The Relationship Between Pregnancy Prevention and STI/HIV Prevention and Sexual Risk Behavior Among American Indian Men
Elizabeth Rink, Kristofer FourStar, Michael P Anastario
Journal of Rural Health: Official Journal of the American Rural Health Association and the National Rural Health Care Association
OBJECTIVE: We examined the relationship between American Indian men's attitudes toward pregnancy prevention, STI/HIV prevention, and sexual risk behavior. Attention was given to: (1) attitudes and intentions to use condoms and sexual risk behavior; (2) STI/HIV prevention characteristics and sexual risk behavior; (3) attitudes toward abstinence and monogamy and sexual risk behavior; and (4) decision-making in relationships and sexual risk behavior.

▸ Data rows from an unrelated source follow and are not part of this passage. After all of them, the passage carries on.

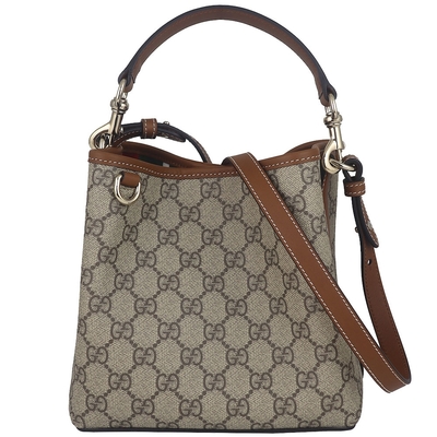 GUCCI GG Emblem 塗層帆布皮邊小型手提/斜背水桶包$70,240$71,440
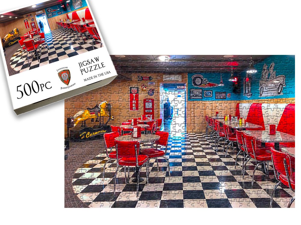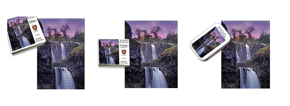 Our puzzles come in three sizes. 500pc 12x18", 100pc 11x14" large piece puzzles, (Great for people with eyesore or dexterity issues.) and 150pc 5x7" Tiny Tin travel puzzles.
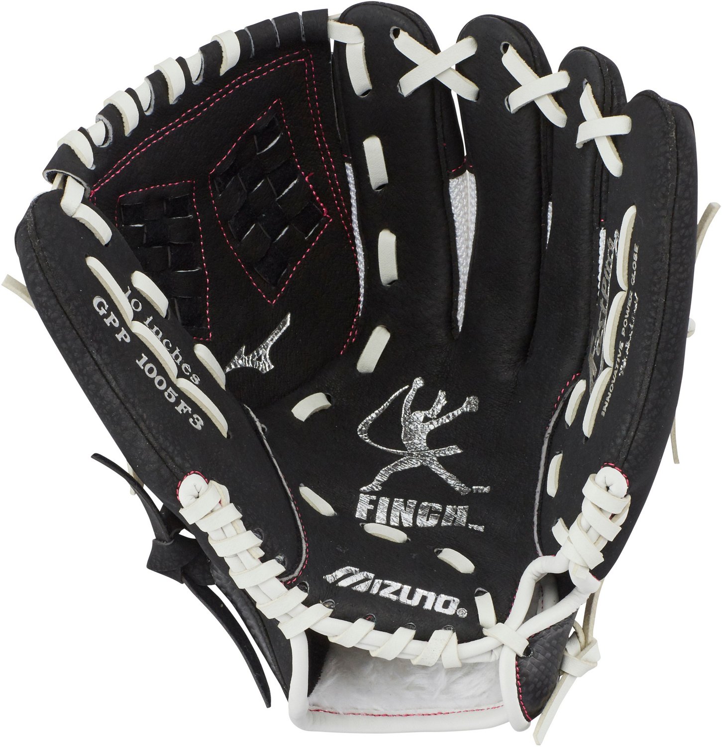 The Mizuno Girls' Prospect Finch Series 10 in Softball Glove is designed to help you grow as a player and cultivate a love of the game just like Jennie Finch. This softball mitt is designed with PowerClose technology to make catching easier for younger players, with Less 2 Lacing to increase flexibility along the closing axis. The Parashock palm pad and ButterSoft palm liner give a comfortable feel that absorbs the impact of the ball, so the glove is easy to wear the whole game.
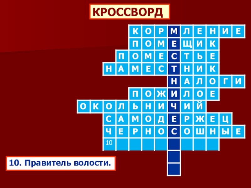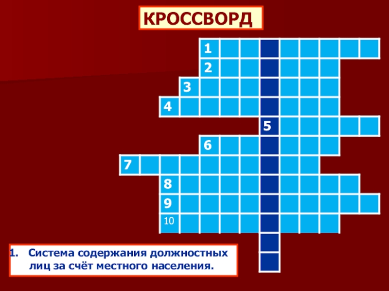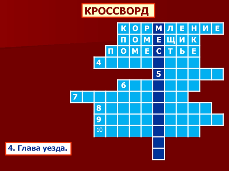 В ходе реформы местного управления была упразднена система __________________ и наместников. В уездах учреждались должности __________ ____________, в посадских общинах местное самоуправление осуществлялось выбранными _____________ ________________. В городах избирались городовые приказчики.
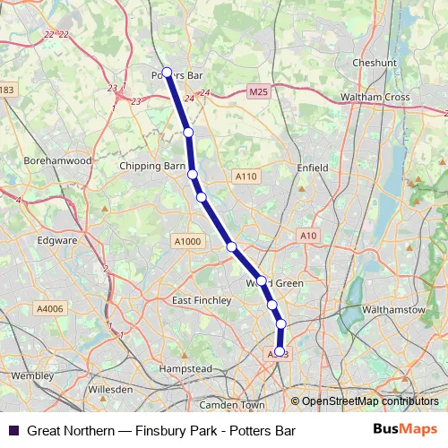 The first stop of the Great Northern rail route is Finsbury Park and the last stop is Potters Bar. Great Northern (Finsbury Park - Potters Bar) is operational during everyday.
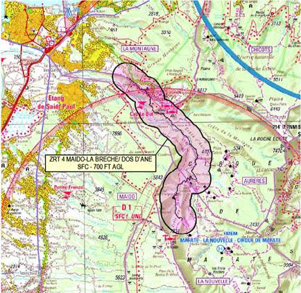 – la zone réglementée temporaire 4 Maïdo-La brèche/Dos d’Âne qui suit le tracé de la Diagonale des fous (à 0,5 NM de part et d’autre) de Maïdo-La brèche (21°03’30.52″S, 055°23’42.66E ») à Dos d’Âne (20°58’21.70″S, 055°21’39.62″E).
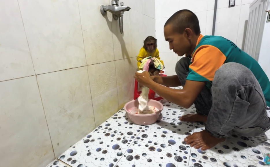 Bath time was another adventure. Dad carefully placed the baby in a small basin, gently pouring warm water over its skin. CUTIS stood close, handing Dad the towel and baby soap like a little assistant.

STUDY DESIGN: Our sample included 120 heterosexual American Indian men aged 18 to 24 living on a reservation. Data were collected during in-depth interviews. A community-based participatory research framework was used to ensure the relevancy and acceptability of the study given the sensitivity of the topic. PRINCIPAL FINDINGS: Results demonstrated that attitudinal factors were associated with sexual risk behavior, particularly inconsistent condom use. Attitudes associated with consistent condom use suggested greater levels of positive dispositions toward prevention and intention to use condoms. Consistent condom use was associated with more cautious attitudes toward sex with multiple sex partners. Study results suggested that American Indian men who reported sex with multiple partners exhibited a set of attitudes and beliefs toward pregnancy prevention and STI/HIV prevention that corresponded with a disposition resulting from their behaviors, in that engaging in sexual risk behavior elevated their levels of risk perception. CONCLUSIONS: Our findings suggest that heterosexual American Indian men living in rural environments need sexual and reproductive health programs and clinical services that address differing attitudes toward condom use within the context of multiple sex partners and sexual risk behavior.